The thickness of a neonate’s skin is related to gestational maturity. According to research, the relationship between TcB (Transcutaneous Bilirubin) and TSB is altered by skin maturity. To evaluate the level of bilirubin in a child’s blood without using a needle, transcutaneous bilirubin (TcB) measurement is an option. Figure 4 shows the dependence between μb at 410 nm on gestational maturity of 27 neonates. This may be due to identical skin structure among infants studied as s’ at 460 nm shows little association with gestational maturity. The adsorption and decreased dispersal factors of infants selected in this research were found to be larger and lower, respectively.

Fig. 4.

Optical properties μb vs gestational maturity at $λ = 410 nm$ .

Fig. 5.

Optical properties μc vs gestational maturity at $λ = 410 nm$ .

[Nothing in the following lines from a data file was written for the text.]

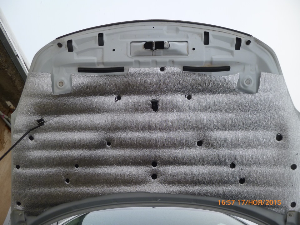 рёбра жёсткости по идее должны быть подклеены к полотну капота, производитель сэкономил.(по центру пластиковый держатель стойки капота так и не смог снять только расшатал его)если не связать, со временем может появится дребезжание.связал виброй.обезжирил и как следует прикатал.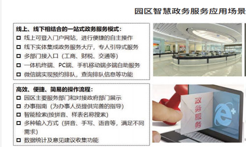 典型的園區智慧服務應用場景包括一站式政務服務、一體化的企業服務、智慧三產配套服務、數字化綜合能源服務、智能科技創新服務、智慧車后市場服務等。以一站式政務服務為例,借助互聯網技術,采取線上、線下相結合的服務模式,圍繞辦文、辦會、辦事和信息公開等,全面實現園區政務服務工作的數字化和便利化。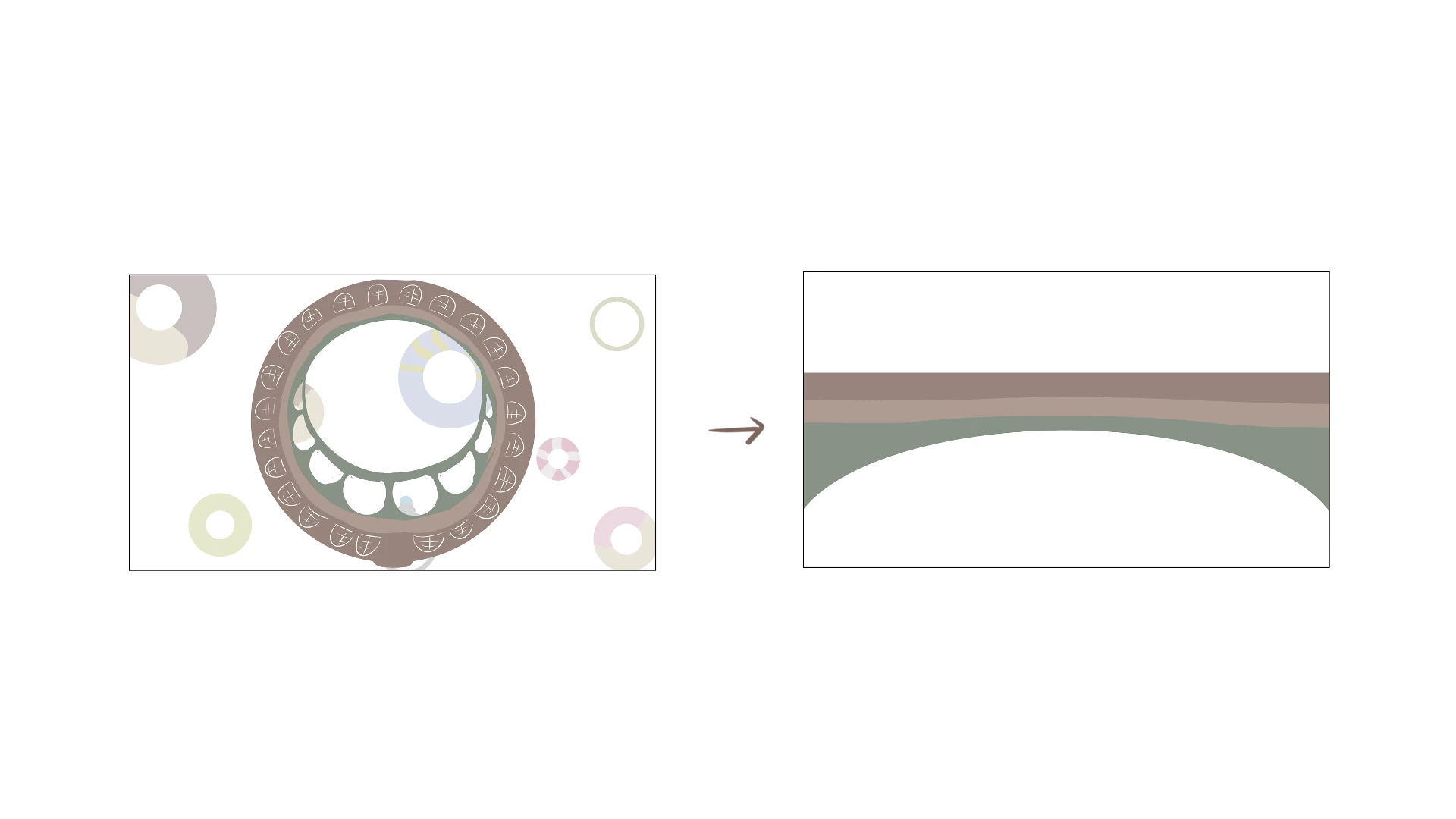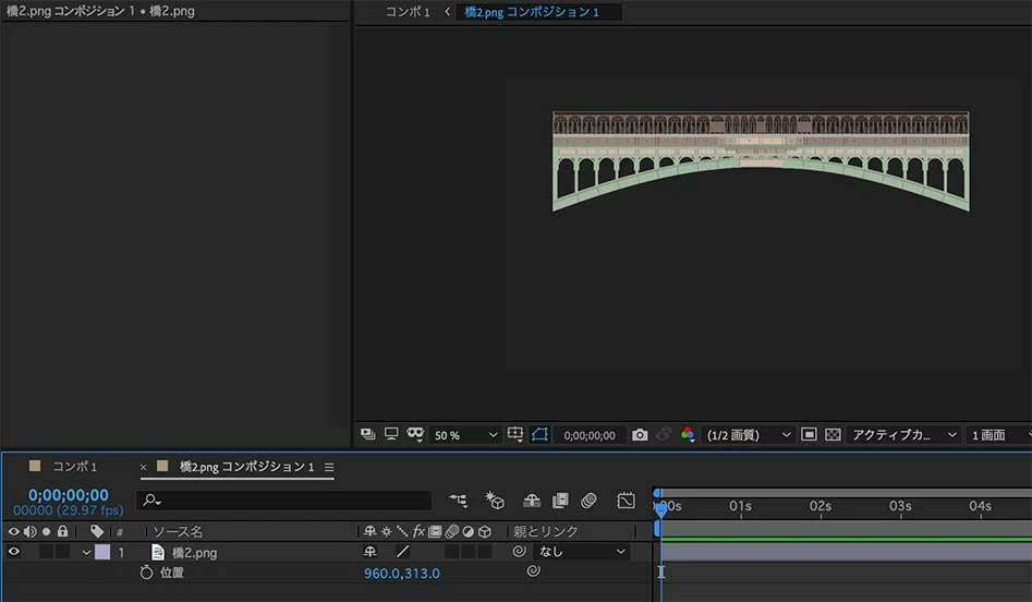 この橋のイラストを円状にしたものから、元のこの形に戻るという映像を作りたいです。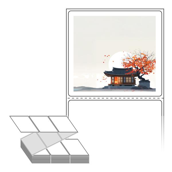 롤라벨보다 편리한 제트라벨, 규격코드: ZL7065, 디자인코드: DA1348(감나무가 있는 기와집2), 70 x 64.733 (mm)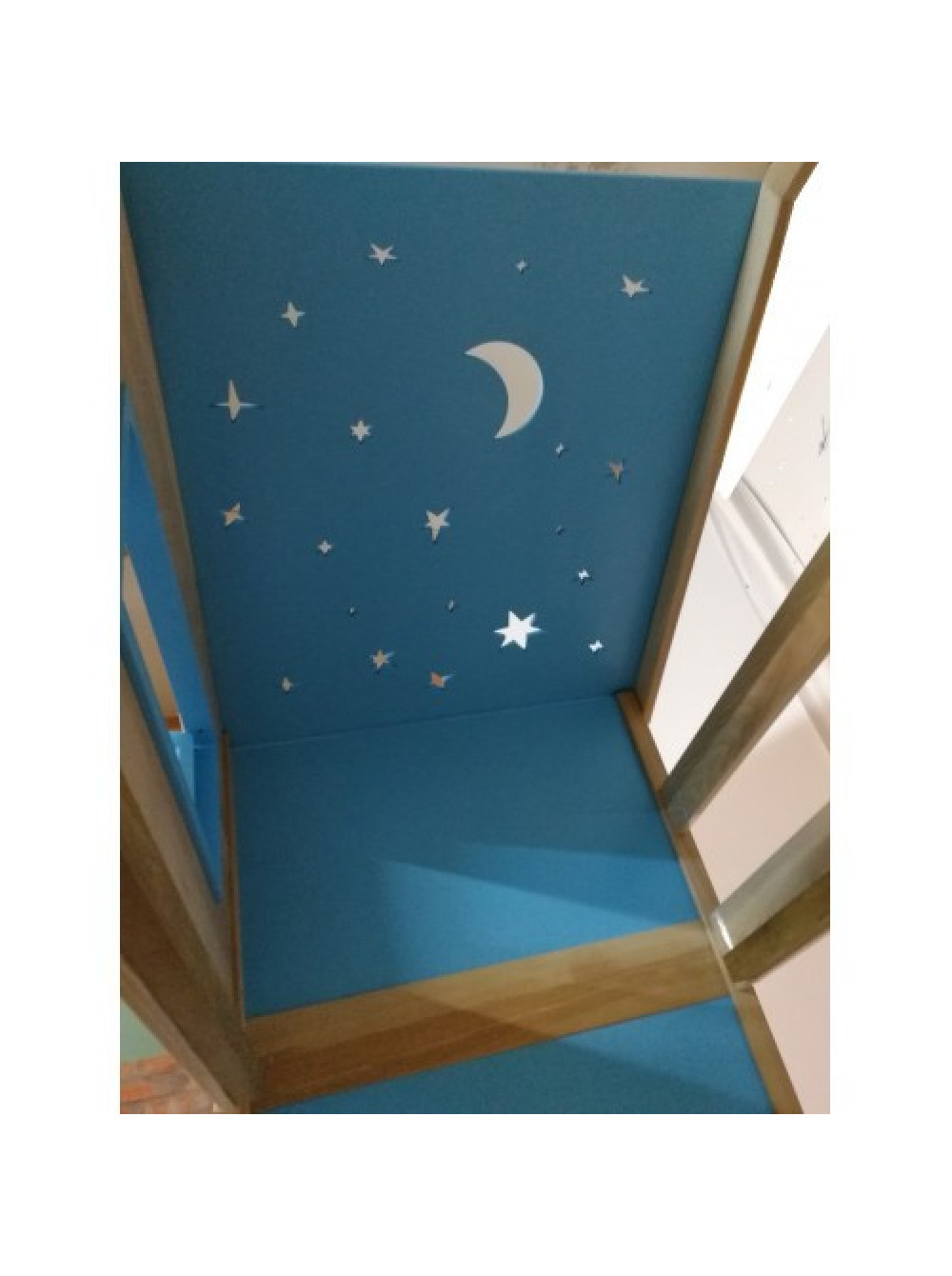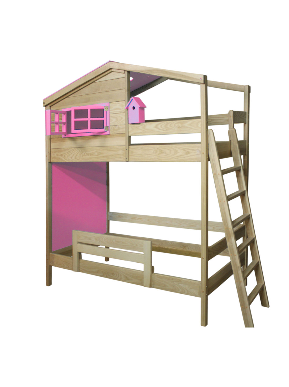 Ліжко двоярусне будиночок Зоряне небо це захоплювальний світ дитячих мрій і уяв. Зручний казковий будиночок для сну і відпочинку, ігор. Матеріал - натуральне дерево. Прикрашене ліжко мальовничими елементами зоряного неба, віконцем з віконницями і шпаківнею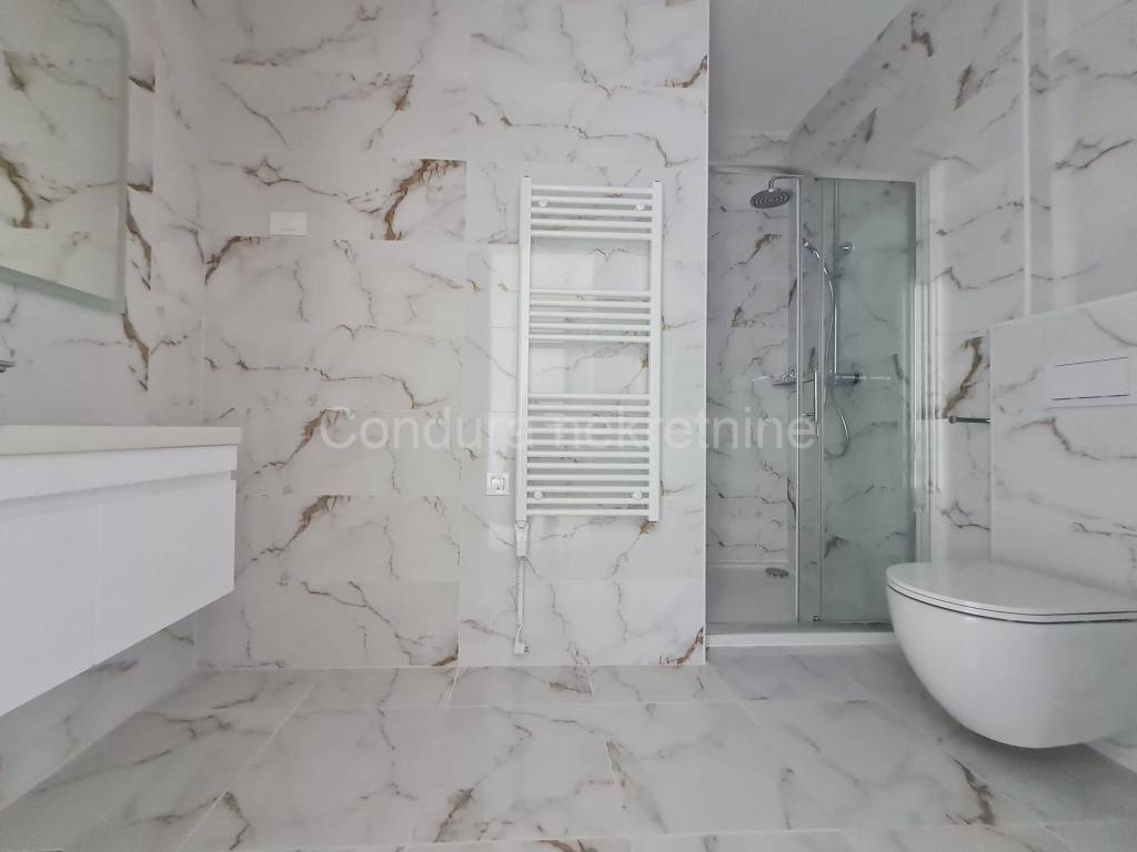 The apartment has an area of 152,48m2 and is spread over the first and second floor. In the lower part there is a hallway, one bedroom, a bathroom, a kitchen, a living room with a dining room and an exit to a covered terrace. An internal staircase leads from the lower part of the apartment to the second floor, where there is a large uncovered terrace (55 m2), a hallway, two bedrooms, each with its own bathroom and access to a spacious covered terrace.

Figure 5 shows the dependence between $μ c$ at 410 on gestational maturity (gestational + postnatal age) at the sternum of 27 newborns. Figure 6 shows the dependence between μb and at 460 on gestational maturity (gestational + postnatal age) at the sternum of 27 newborns.

Fig. 6.

Optical properties μb vs gestational maturity at $λ = 460 nm$ .

Fig. 7.

Optical properties μc vs gestational maturity at $λ = 460 nm$ .

Figure 7 shows the dependence between μc and at 460 on gestational maturity of 27 newborns. The total blood bilirubin level dispersion according to gestational maturity. Various factors, including the intensity of light, the distance from the patient of phototherapy, the exposure area, the treatment time, and the quantity of bilirubin in the subject’s body, must be considered to determine the device’s efficiency and effectiveness.

Fig. 8.

Concentration of bilirubin vs voltage reflection absorbance.

This differential method is justified by the fact that bilirubin concentration is correlated with absorption at 455 nm and is represented in Fig. 8. The majority of babies with hyperbilirubinemia had bilirubin levels greater than 14 mg/dL: 25% of hyperbilirubinemia patients had peak TSB levels greater than 24.9 mg/dL, and 50% had peak TSB levels greater than 29.9 mg/dL (Fig. 9). Birth weight and bilirubin levels did not correlate in this group.

Fig. 9.

Peak TSB levels in term and pre-term neonates with neonatal jaundice.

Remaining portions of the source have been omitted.